» **Exercise**
For this exercise, retype the lines from the one that holds "讲座中,周主任首先对同学们简" through the one that holds "深蓝发色,灰绿色的瞳孔,眼角" in the records below, both included, exactly and without pictures.

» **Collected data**
::::::::
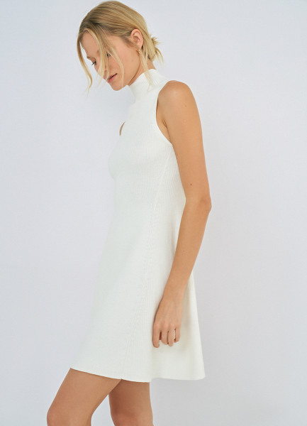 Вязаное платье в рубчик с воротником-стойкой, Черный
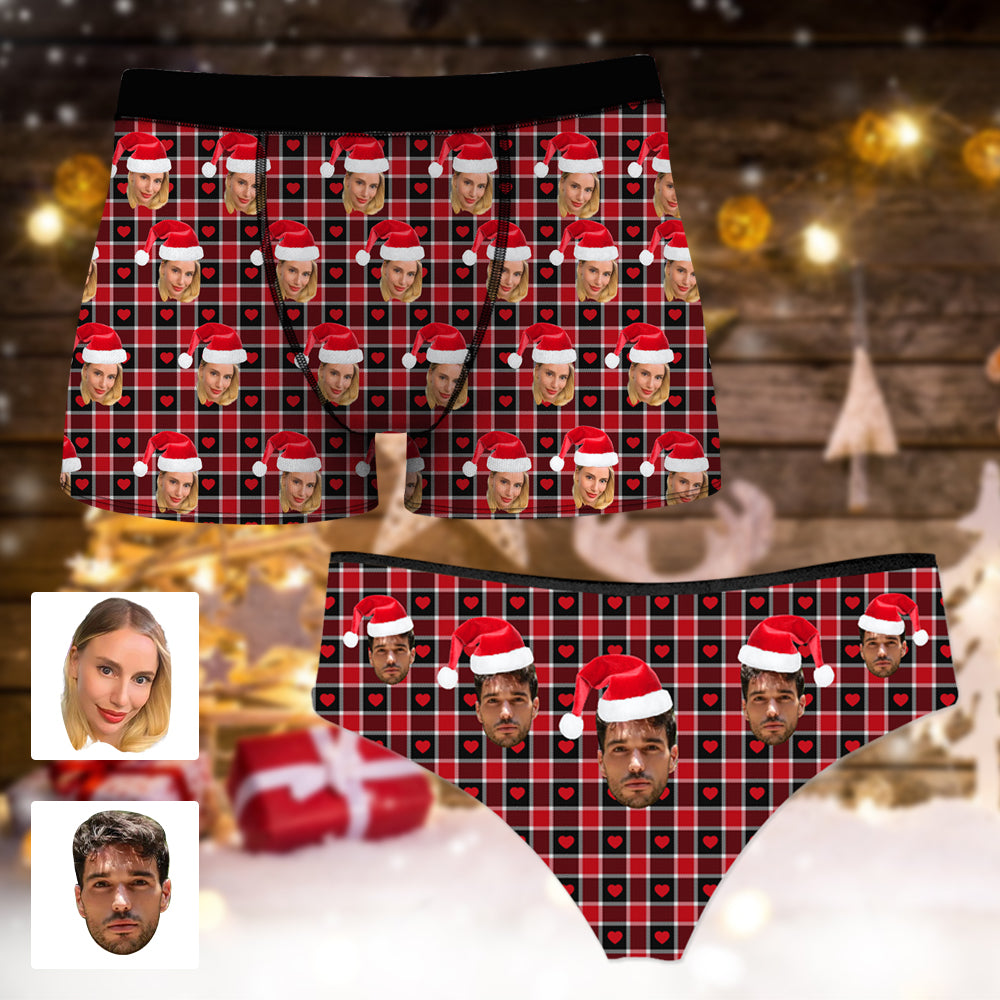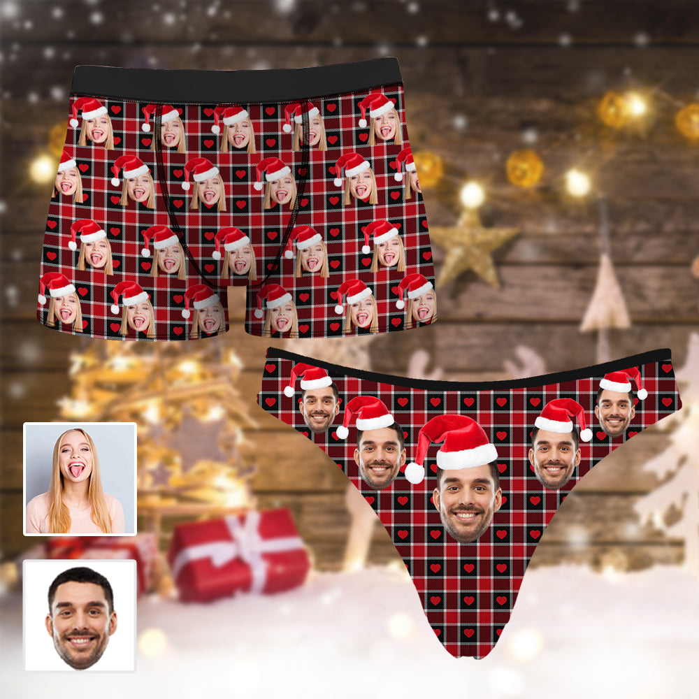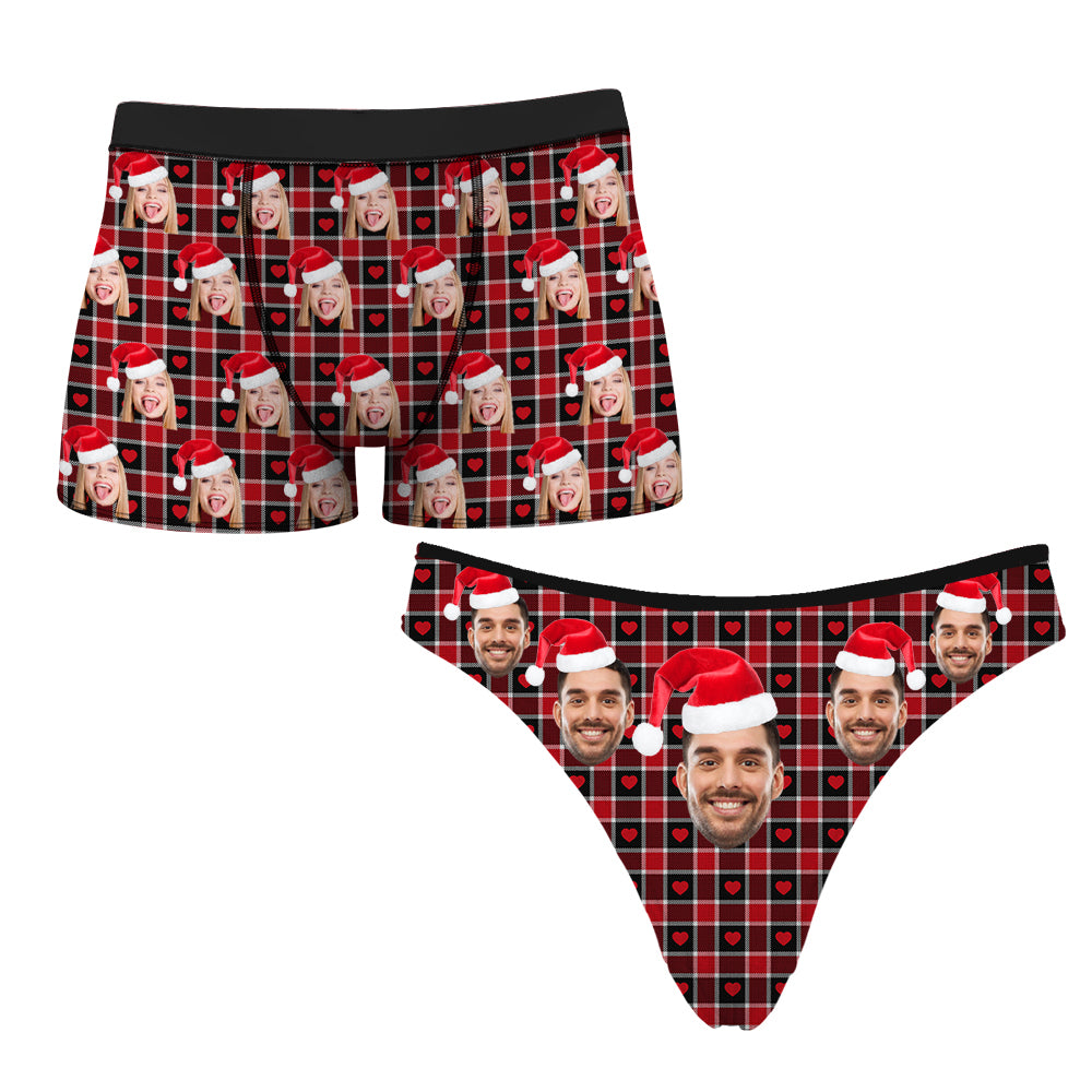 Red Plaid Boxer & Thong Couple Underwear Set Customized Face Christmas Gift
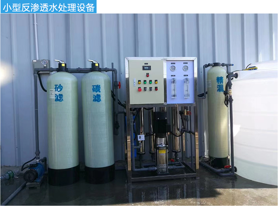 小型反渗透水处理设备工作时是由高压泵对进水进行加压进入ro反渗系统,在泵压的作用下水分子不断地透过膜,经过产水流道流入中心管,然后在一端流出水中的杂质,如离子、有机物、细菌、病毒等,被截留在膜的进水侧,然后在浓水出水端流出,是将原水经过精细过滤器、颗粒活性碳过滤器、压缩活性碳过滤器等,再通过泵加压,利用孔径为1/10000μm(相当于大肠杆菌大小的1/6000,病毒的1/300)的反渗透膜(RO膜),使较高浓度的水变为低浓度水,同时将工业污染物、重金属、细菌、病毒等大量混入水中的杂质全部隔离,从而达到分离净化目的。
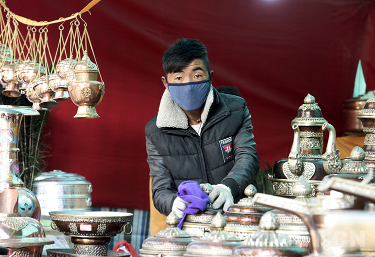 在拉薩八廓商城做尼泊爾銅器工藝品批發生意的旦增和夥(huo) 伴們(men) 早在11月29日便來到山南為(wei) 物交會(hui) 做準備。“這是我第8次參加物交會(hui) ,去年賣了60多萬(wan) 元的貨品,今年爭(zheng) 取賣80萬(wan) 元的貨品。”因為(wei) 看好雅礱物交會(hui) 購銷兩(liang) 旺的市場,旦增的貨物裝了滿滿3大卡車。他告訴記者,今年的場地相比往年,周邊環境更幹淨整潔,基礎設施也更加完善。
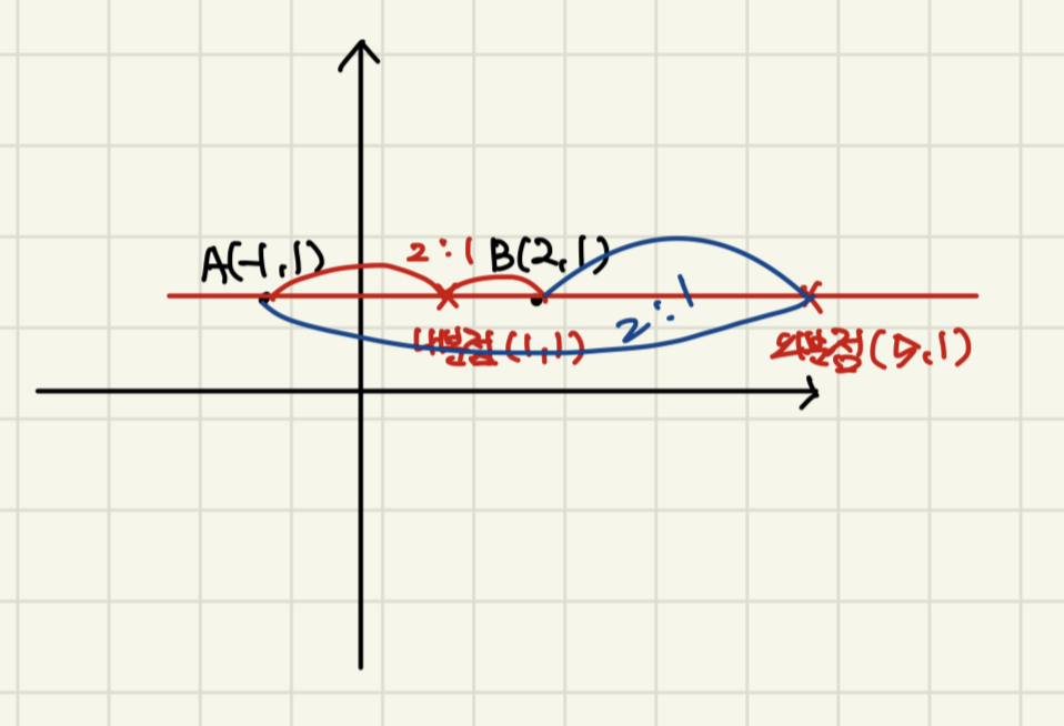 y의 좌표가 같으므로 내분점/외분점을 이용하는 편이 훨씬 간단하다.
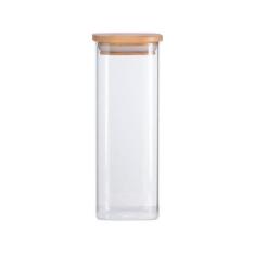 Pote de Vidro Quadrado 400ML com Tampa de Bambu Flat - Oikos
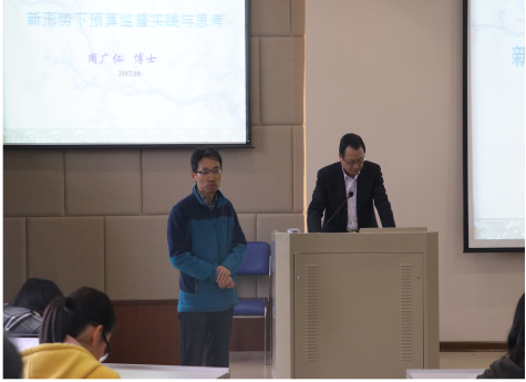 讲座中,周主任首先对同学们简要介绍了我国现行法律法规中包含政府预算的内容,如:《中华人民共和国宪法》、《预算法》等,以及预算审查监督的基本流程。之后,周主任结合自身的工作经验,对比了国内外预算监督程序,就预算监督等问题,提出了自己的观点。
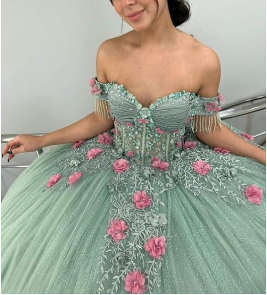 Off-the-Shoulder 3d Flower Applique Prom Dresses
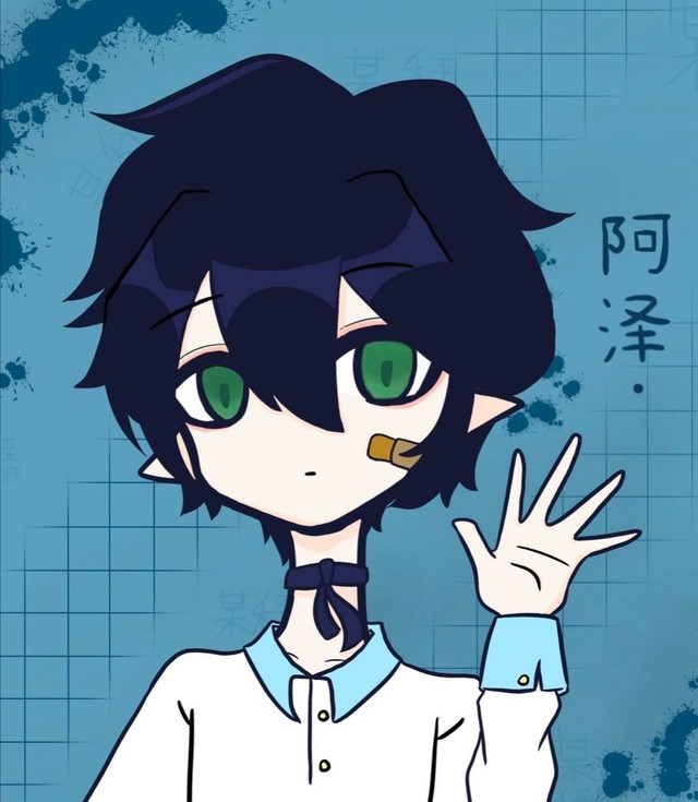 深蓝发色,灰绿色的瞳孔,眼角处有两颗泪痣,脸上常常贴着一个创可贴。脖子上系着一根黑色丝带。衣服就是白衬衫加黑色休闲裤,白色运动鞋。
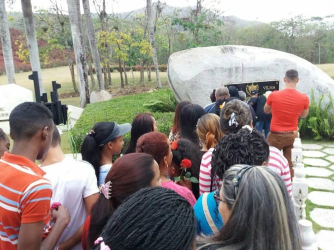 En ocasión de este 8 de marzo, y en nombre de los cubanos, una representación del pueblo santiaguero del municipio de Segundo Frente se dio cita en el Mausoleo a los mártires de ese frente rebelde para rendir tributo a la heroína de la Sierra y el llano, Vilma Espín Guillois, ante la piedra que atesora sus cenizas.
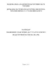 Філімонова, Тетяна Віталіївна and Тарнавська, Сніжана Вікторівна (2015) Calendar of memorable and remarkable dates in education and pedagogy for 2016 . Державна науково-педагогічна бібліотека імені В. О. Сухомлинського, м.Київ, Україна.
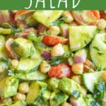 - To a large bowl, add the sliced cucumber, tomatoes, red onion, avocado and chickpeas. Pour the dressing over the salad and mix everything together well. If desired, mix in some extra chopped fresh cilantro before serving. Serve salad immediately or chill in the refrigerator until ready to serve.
::::::::
» **Result for this exercise**
 讲座中,周主任首先对同学们简要介绍了我国现行法律法规中包含政府预算的内容,如:《中华人民共和国宪法》、《预算法》等,以及预算审查监督的基本流程。之后,周主任结合自身的工作经验,对比了国内外预算监督程序,就预算监督等问题,提出了自己的观点。
 Off-the-Shoulder 3d Flower Applique Prom Dresses
 深蓝发色,灰绿色的瞳孔,眼角处有两颗泪痣,脸上常常贴着一个创可贴。脖子上系着一根黑色丝带。衣服就是白衬衫加黑色休闲裤,白色运动鞋。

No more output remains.